[Start of section]

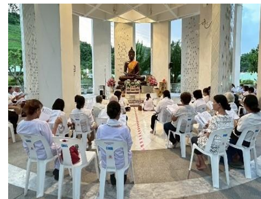
รูปที่ 2-44 การเข้าร่วมกิจกรรมทางศาสนากับชุมชนในพื้นที่
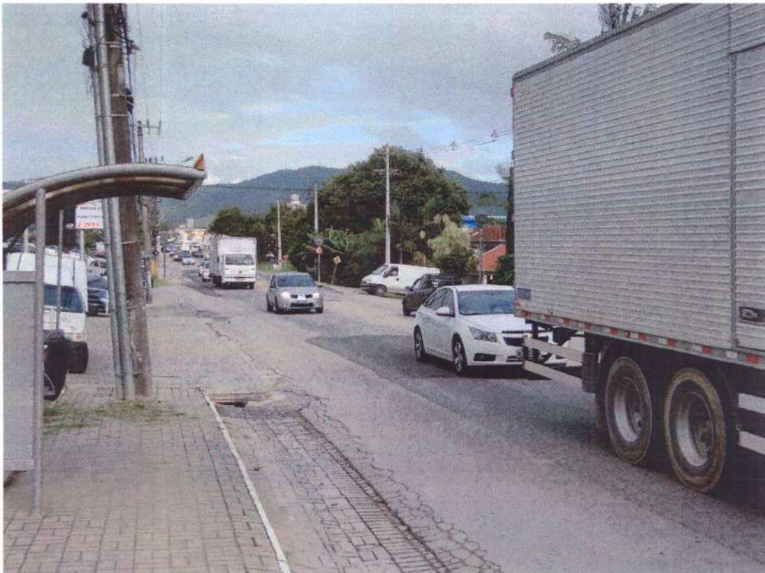
AV. Frei Godofredo, nº1080
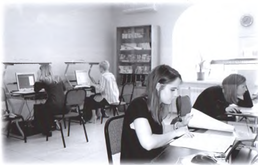
Библиотекари-координаторы команд во время первого автоквеста

В беседе участники скидывали выполненные задания, а библиотекари-операторы отправляли игроков на следующую локацию. Этот достаточно трудоёмкий процесс онлайн-сопровождения позволил командам без ошибок проехать по всему маршруту и получить от прохождения только положительные эмоции.
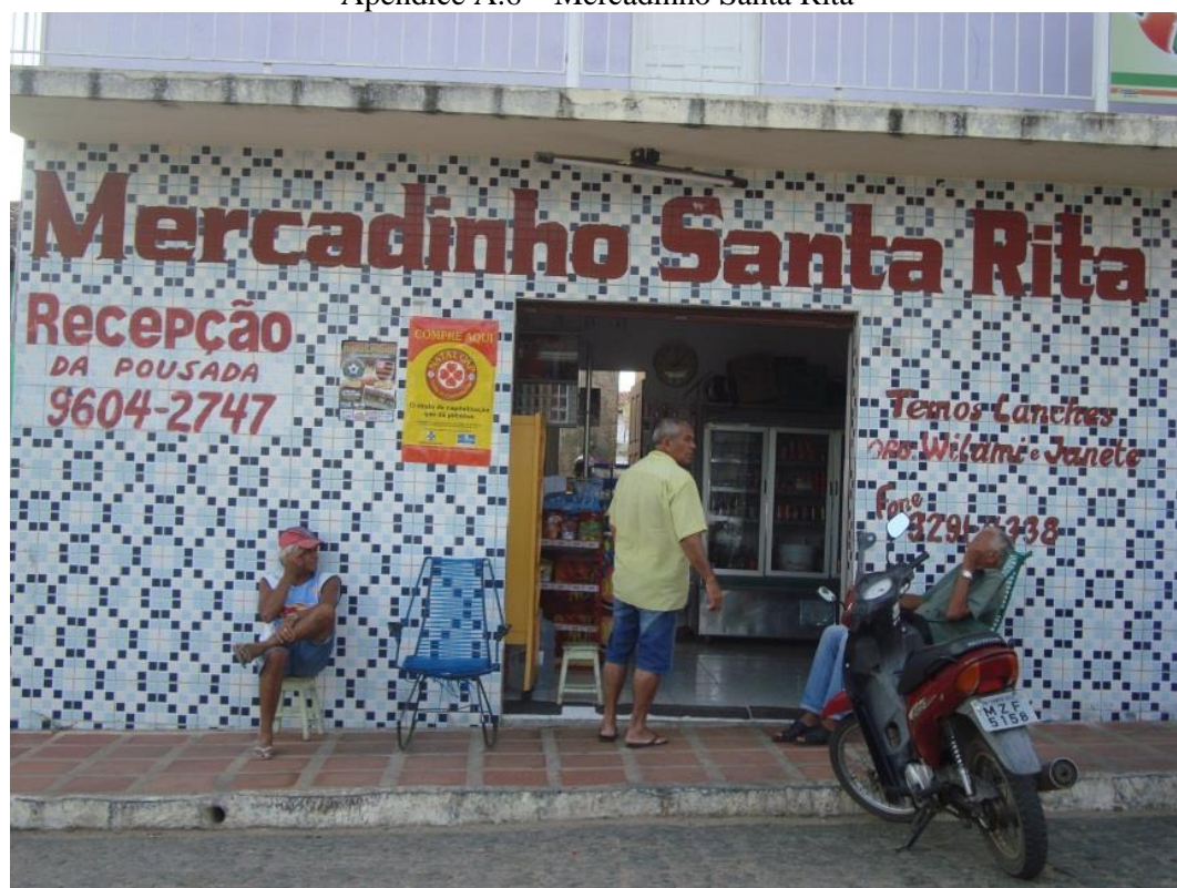
Apêndice A.6 – Mercadinho Santa Rita
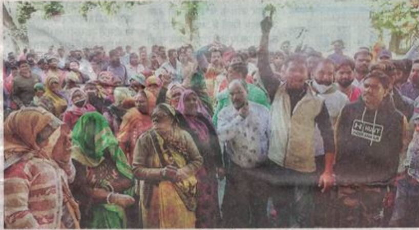
मांगों को लेकर नगर निगम में प्रदर्शन करते हुए सफाई कर्मचारी।

नगर निगम में सफाई कर्मचारियों ने किया प्रदर्शन
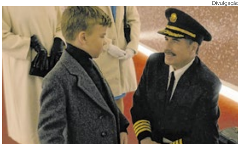
O eterno Tony Manero integra o elenco de seu debut como realizador, celebrando a aviação

Aos 72 anos, o eterno Tony Manero, celebrado ainda como Danny Zucco e Vincent Vega, faz da direção uma nova trilha de reinvenção ao levar a Cannes ‘Aventuras das Alturas’
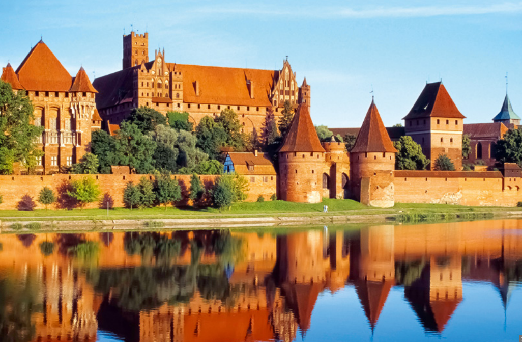
1 Marienburg
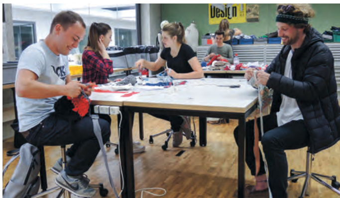
Häkeln als kollektives Flow-Erlebnis
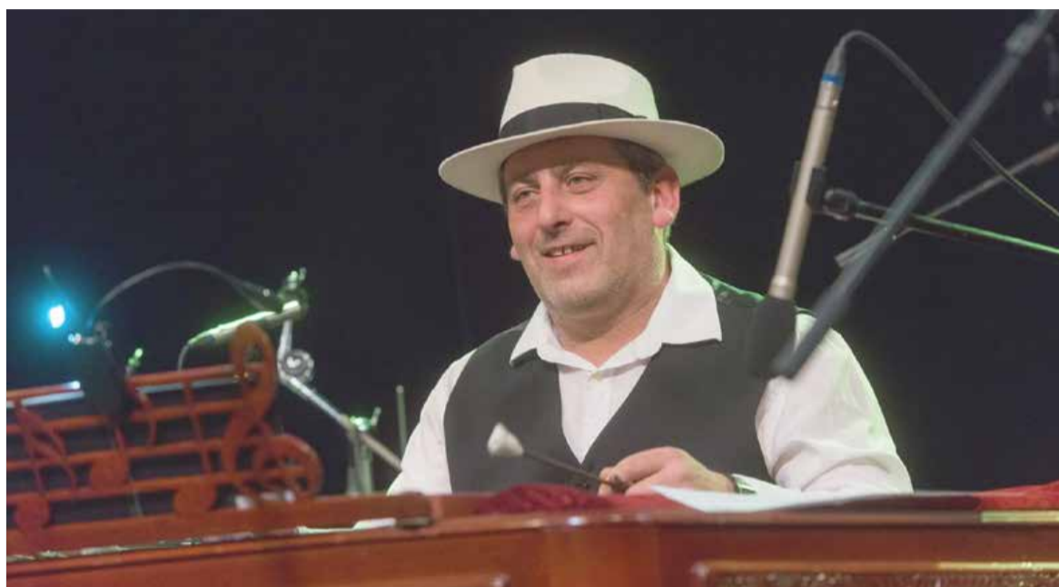
»Veseli sem, da se vse več učencev zanima za cimbele, saj bi brez njih izumrle.«
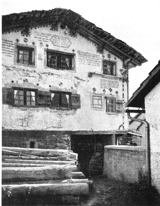
Das alte Pfarrhaus von Präz
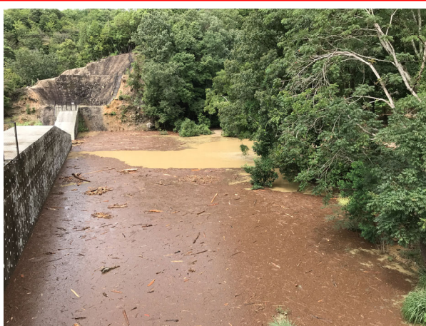
土石流発生直後（R3. 8. 15撮影）
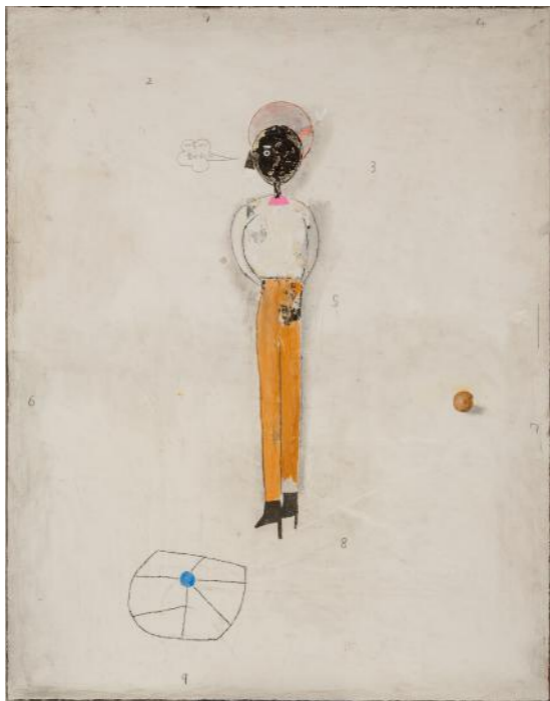
Sans titre , 2017, 117 x 91 cm, Techniques mixtes
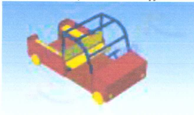
Грузовик 2000*900*1000мм З.б. 4000*2900 мм
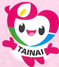
胎内市社協マスコット「こころん」

きのと小学校4年生から乙地区のお茶の間サロン(16箇所)へ プレゼントしてくれた心温まる絵手紙ポスターです。
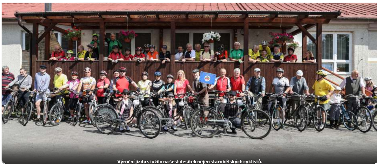
Výroční jízdu si užilo na šest desítek nejen starobělských cyklistů.
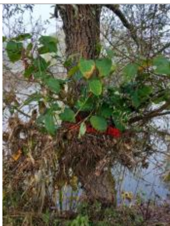
Vue rapprochée du repère en 2024
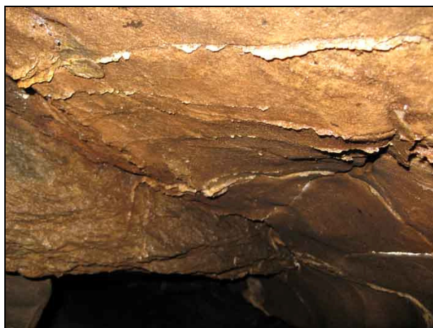
Abb. 8: Eingelagerte Quarzadern an der Decke

Somit wurde wieder eine Höhle erkundet und vermessen, welche eigentlich schon seit vielen Jahren darauf harpte.
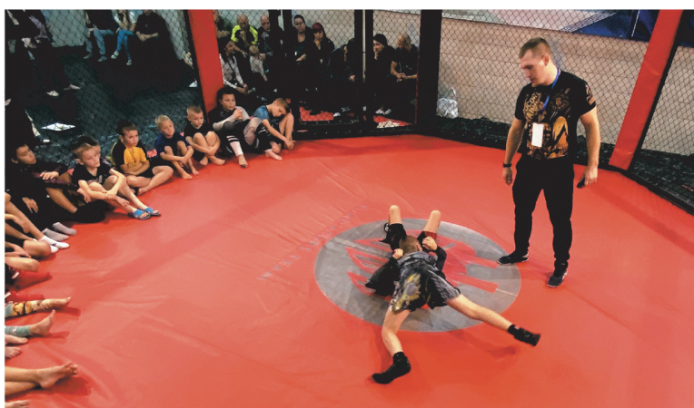
В Выборге спортсмены передают свой опыт подрастающему поколению
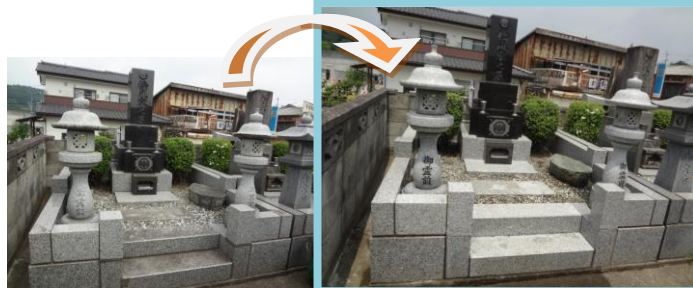
御影石についた黒いアクを専用洗剤で取り除き、きれいに。お墓全体のクリーニングを行い、文字の色を入れ直し、一段と明るい雰囲気になりました。黒御影石にもツヤが蘇りました。
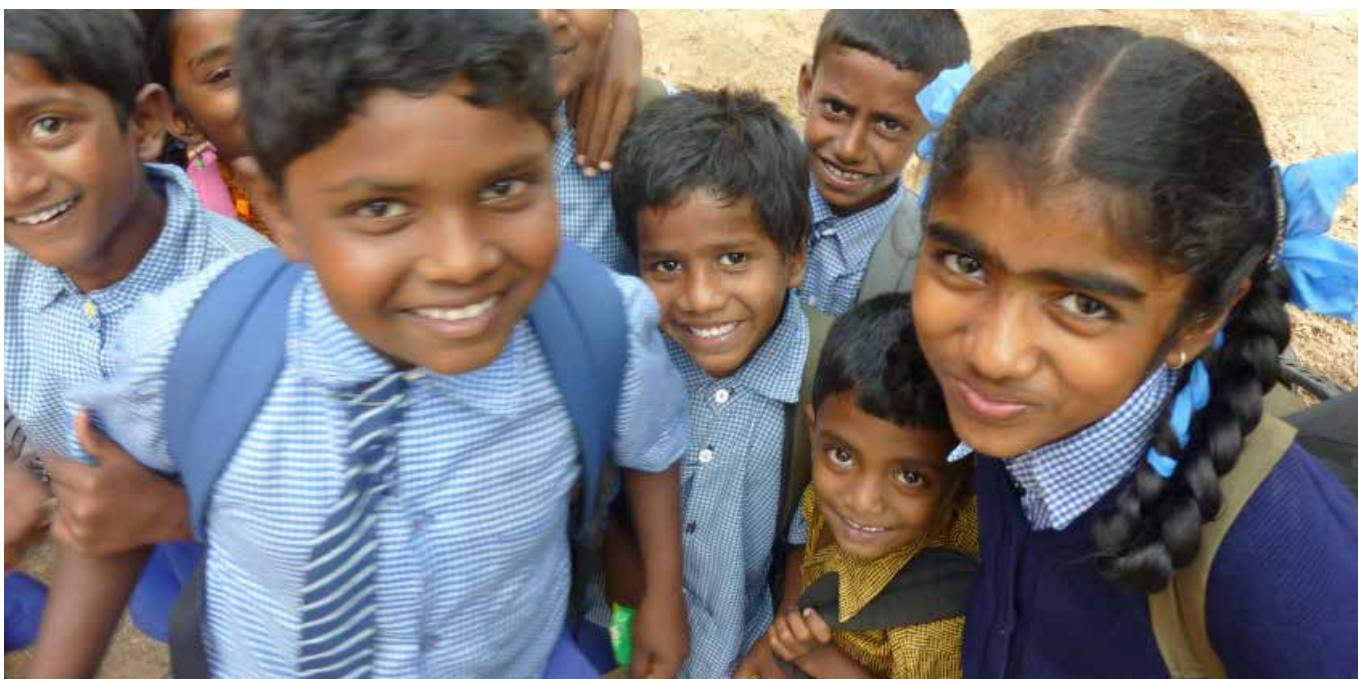
Unterstützung für HIV-Waisen in Indien

sammenarbeit. Dies ist keineswegs selbstverständlich. Unser Verein gründet auf ehrenamtlichem Engagement und hat nur beschränkte personelle Ressourcen. Heute sind wir jedoch dankbar für die Partnerschaft mit MBARA OZIOMA. Wir freuen uns über die beeindruckende Bilanz der letzten zehn Jahre sowie auf all die Begegnungen, die noch vor uns liegen.

[End of section]

_Task statement_. Copy each line of the data above that holds "como".

_Answer to this task_.
O eterno Tony Manero integra o elenco de seu debut como realizador, celebrando a aviação
Aos 72 anos, o eterno Tony Manero, celebrado ainda como Danny Zucco e Vincent Vega, faz da direção uma nova trilha de reinvenção ao levar a Cannes ‘Aventuras das Alturas’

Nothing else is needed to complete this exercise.